Chester opens his mouth to answer her with ideas of technology and science, but his lips remain still, as if he is aware of how unintelligible he finds these technicalities that take up space in his head.

"If the toothy dwarf who gave me North Star were present, I'd have a thousand complaints and rants to spout. Stuff about physics, engineering, and aerodynamics, that someone as dumb as I am would never understand.... You know what, I'll take your version! May it all be magic and let's keep on rolling"

Still accepting that, Nadjela asks Chester what physics, engineering, and aerodynamics were, eager to expand her knowledge. Chester's face becomes tanned with pearls of sweat. He repeats that it's not his subject, that he's an action guy. Also falls the question of whether dwarves in heaven are allowed to live.

"In La Cuna any deformed baby is considered cursed and sacrificed by the elders, being thrown from the top of the temple"

"In the sky, you don't have to be deformed to be seen as cursed or erased"

"How cruel"

"And the elders you respect are not cruel?"

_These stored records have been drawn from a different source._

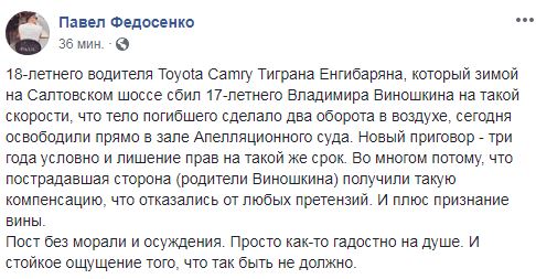 Апелляционный суд Харькова сегодня, 28 августа, приговорил к трем годам условно и к лишению прав на этот же срок водителя Toyota Camry Тиграна Енгибаряна, который зимой на Салтовском шоссе насмерть сбил 17-летнего пешехода. Об этом журналист Павел Федосенко сообщает на своей странице в Facebook.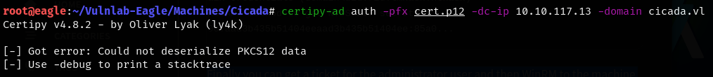 certipy auth -pfx cert.p12 -dc-ip 10.10.104.125 -domain cicada.vl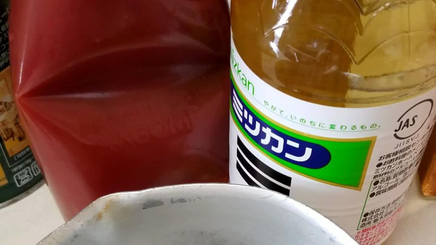 ケチャップ大さじ2、酢大さじ2、砂糖大さじ2、醤油大さじ1.5を小鍋で熱する。水100ccで溶いた片栗粉大さじ1/2でとろみを付ける。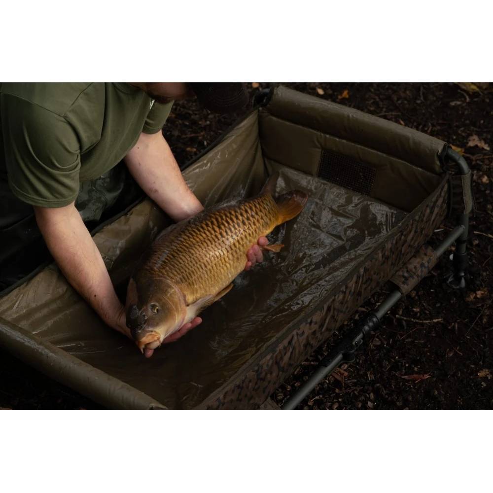 Gracias a sus cuatro patas ajustables, cada una con 50 mm de ajuste, la cuna se mantiene estable en cualquier terreno. La cubierta impermeable y oscurecedora protege al pez de escapar y de las inclemencias del tiempo, mientras que las aberturas de ventilación de malla de goma drenan rápidamente el exceso de agua.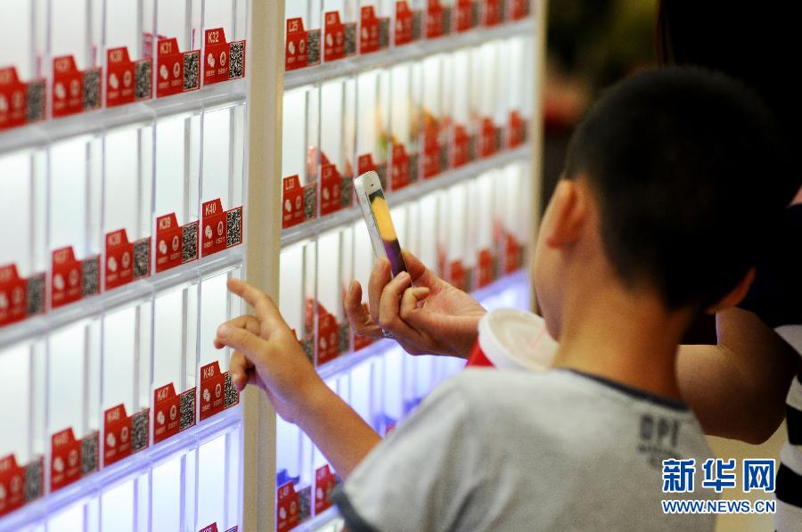 9月13日,顾客在“无人超市”内使用手机选购商品。近日,一个无售货员、无收银员、可微信支付购买商品的“无人超市”现身青岛延吉路万达广场。这家无人超市面积约二十平方米,由多台自动售货机组成,顾客可使用纸币、硬币,也可以通过手机扫描二维码,用微信支付的方式购买商品。 新华社发(王海滨 摄)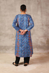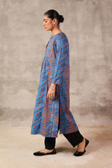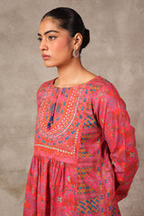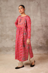 Jigsaw Printed long frock featuring key hole round neckline with embellishment of tassels and buttons. Little piping details on the sleeve hem and gathers around the body.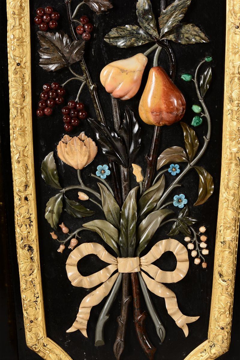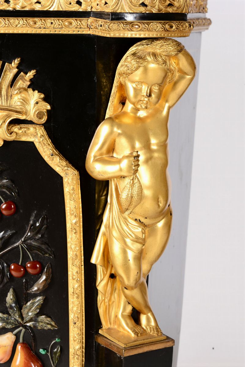 legno ebanizzato, ricche decorazioni in bronzi dorati, figure di putti a tuttotondo sui lati, al centro cartiglio racchiude raffinata composizione di fiori e frutti in inserti di pietre semi preziose

"It's different" He averts his face, suspicious of the ease with which the swordsman raises the question. -Deformed children contribute little and die young, and during their short lives they receive only shame and pain. In comparison, being sacrificed to the divine is a merciful fate.

(It sounds a little bad out loud. But it's only fair and it's the truth. It's been done that way for generations)

Chester laughs. Nadjela looks at him reproachfully.

"Sorry. It's just that I can't help but laugh at that rotten pity. We love to pick and choose over others, don't we? As if our lives are perfect, or are devoid of shame and pain, or we know all the answers. Cruelty is cruelty, and murder is murder. No matter how you paint it, you're still denying someone the chance to experience life, to laugh and cry, to find happiness if there's a measly chance they'll get a taste of it, even if it's for four poorly counted moments"

Chester pushes with his heels to remove his boots. Then with one hand he lifts the scabbard of his sword. He puts his other hand on the hilt, and unsheathes several inches of metal, reflecting his scarlet gaze on the blade.

"That's why I'll never be a savior, or a hero from the comics, or the movies. At the end of the day I'm just an outcast whose only talent is cutting things in half" He closes the blade and lays it down on the rock, between the two of them. "What redeems me, more or less, is that I understand that those four happy moments are worth it"

Nadjela wants to tell him that he is not an outcast, to remind him that thanks to his efforts and attentions they are still alive. But Chester looked so longing and hopeful scanning the horizon, looking for she knows what secrets or confirmations, that the princess got stuck for words.